1916 Rising building ‘like a shanty town’

James Connolly’s great-grandson has described the state of the historic properties on Moore St as akin to a shanty town.

Following a visit to the buildings, James Connolly Heron said the houses are falling down and in worse shape than when a protection order was issued for them in 2007.

He said Heritage Minister Jimmy Deenihan needs to intervene and block a planning application that has been proposed for a large quarter between Moore St and the GPO.

He said the developer behind this application had not preserved or protected what is supposed to be a national monument.

“All protected buildings and structures that form part of the national monument are dilapidated and endangered. The condition of the very room where my great-grandfather and five other leaders of the Rising spent their last hours of freedom before their execution is beyond belief.

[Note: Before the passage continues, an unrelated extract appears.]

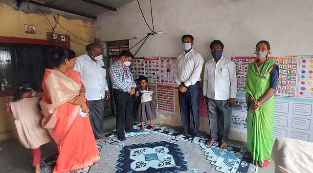 रेडणी ( ता. इंदापूर ) : येथील जिल्हा परिषद प्राथमिक शाळेच्या उपशिक्षिका श्रीमती सुप्रिया आगवणे व मुख्याध्यापिका अनिता जाधव यांनी कोरोना महामारीमुळे विद्यार्थ्यांचे शैक्षणिक नुकसान होवू नये म्हणून पालकांच्या सहकार्याने घरोघरी शाळा हा नाविन्यपूर्ण उपक्रम सुरू केला. या उपक्रमाची दखल घेत गटविकास अधिकारी विजयकुमार परिट व गटशिक्षणाधिकारी राजकुमार बामणे यांनी या फिरत्या नावीन्यपूर्व शाळेस भेट देवून शिक्षक व पालकांचे कौतुक केले.

“This is where the momentous decision to surrender was taken. This historic room is in a ruinous condition, with water ingress, rotting floors, and decayed plaster work. The intact walls are covered in graffiti. Those responsible for its preservation and upkeep should hang their heads in shame,” he said.

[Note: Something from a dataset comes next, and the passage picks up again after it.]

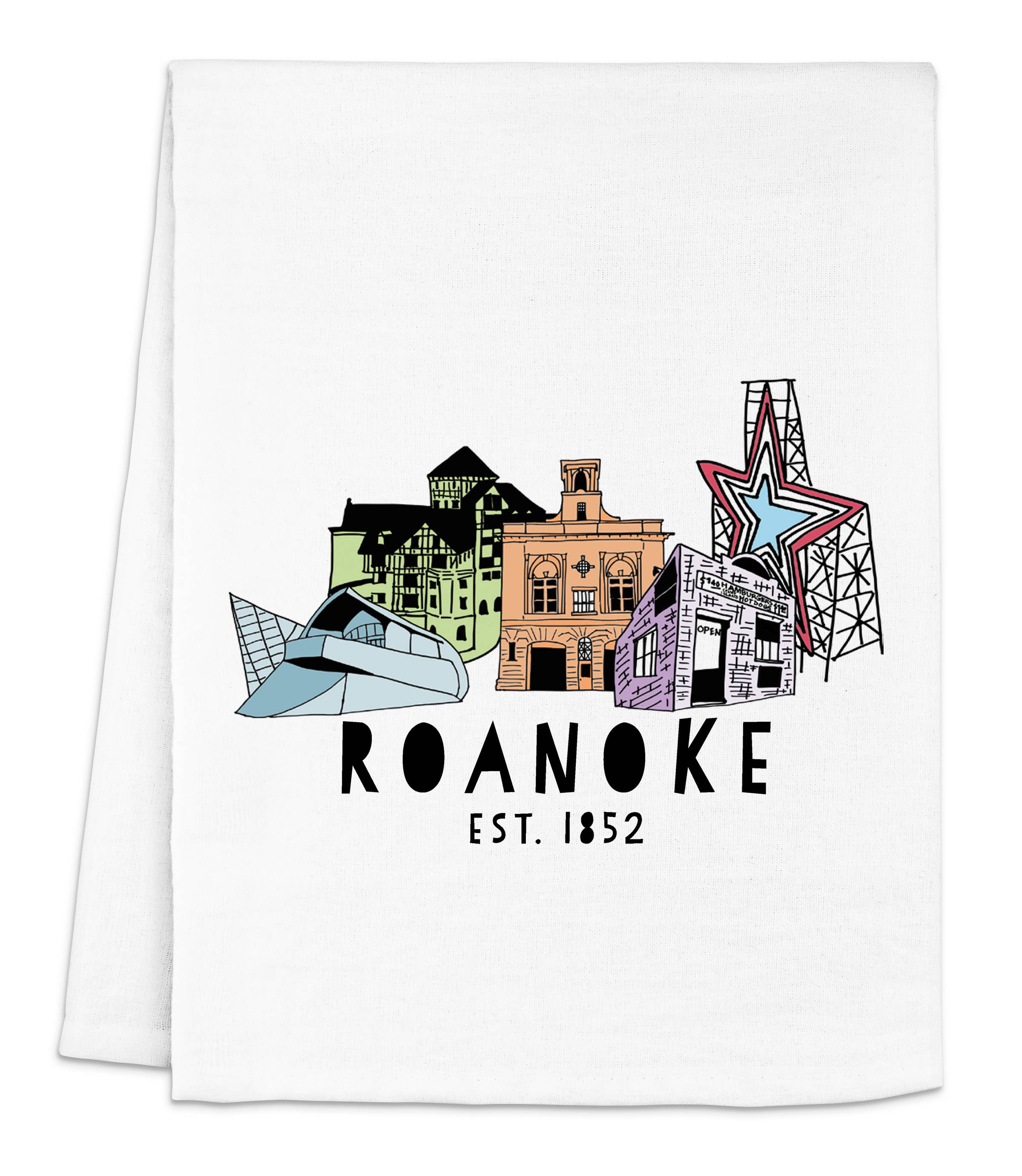 This flour sack tea towel (cotton/linen blend) features my colorful Richmond Classics Part I design, adding a beautiful splash of color to any kitchen. This towel can be used for decorative and practical purposes! It makes a fantastic, lightweight gift for anyone with a connection to Richmond. When completely unfolded, the towel is 30"x30" and when folded six ways, 10"x14".

The site is mired in controversy as Mr Deenihan considers planning proposals to demolish part of the site.

At this month’s meeting of Dublin City Council, a special report was adopted that looked at the need to protect the houses.

This recommended that it intervene in Nama-backed plans to redevelop the area. It said Nama and the development company with control of the area, Chartered Lands, should reconsider proposals for a mixed use development.

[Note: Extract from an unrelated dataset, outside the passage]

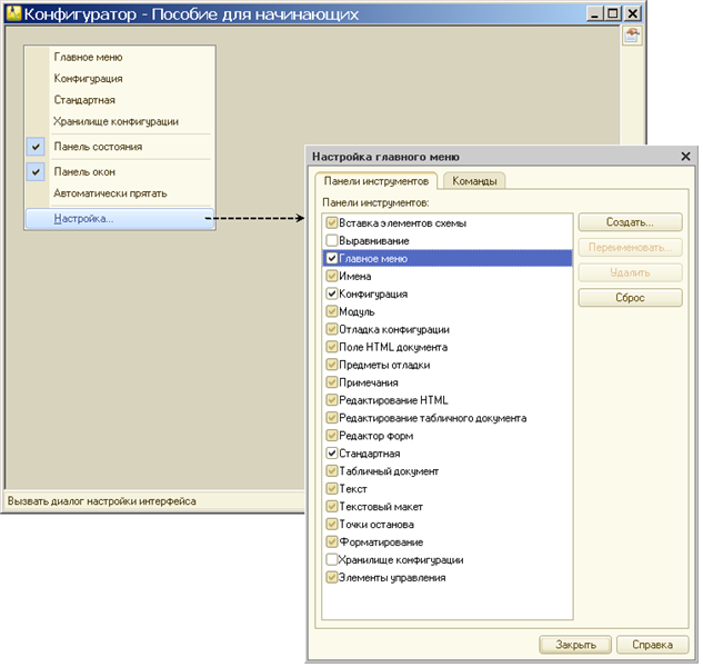 Если же вы отключили случайно все панели, включая главное меню, то так работать вы не сможете. Чтобы включить главное меню (и/или другие панели конфигуратора), закройте все открытые окна конфигуратора комбинацией клавиш Ctrl + F4, на пустой рабочей области вызовите контекстное меню и выполните пункт меню Настройка (рис. 5).

It also said Mr Deenihan should withhold consent for any construction work on the buildings.

The review group was established last year after revelations regarding a decision by the council to facilitate the acquisition of neighbouring properties off O’Connell St by Chartered Lands.

This was done without the knowledge or consent of councillors.

The committee said with the centenary of the 1916 Rising three years away, there needed to be certainty as to the future of the area, independent of the fate of a more comprehensive development scheme.

“There is no indication that works will commence on the overall develop-ment in the near future. It is possible that the large scale development which has planning permission may never take place in its current form,” the committee said.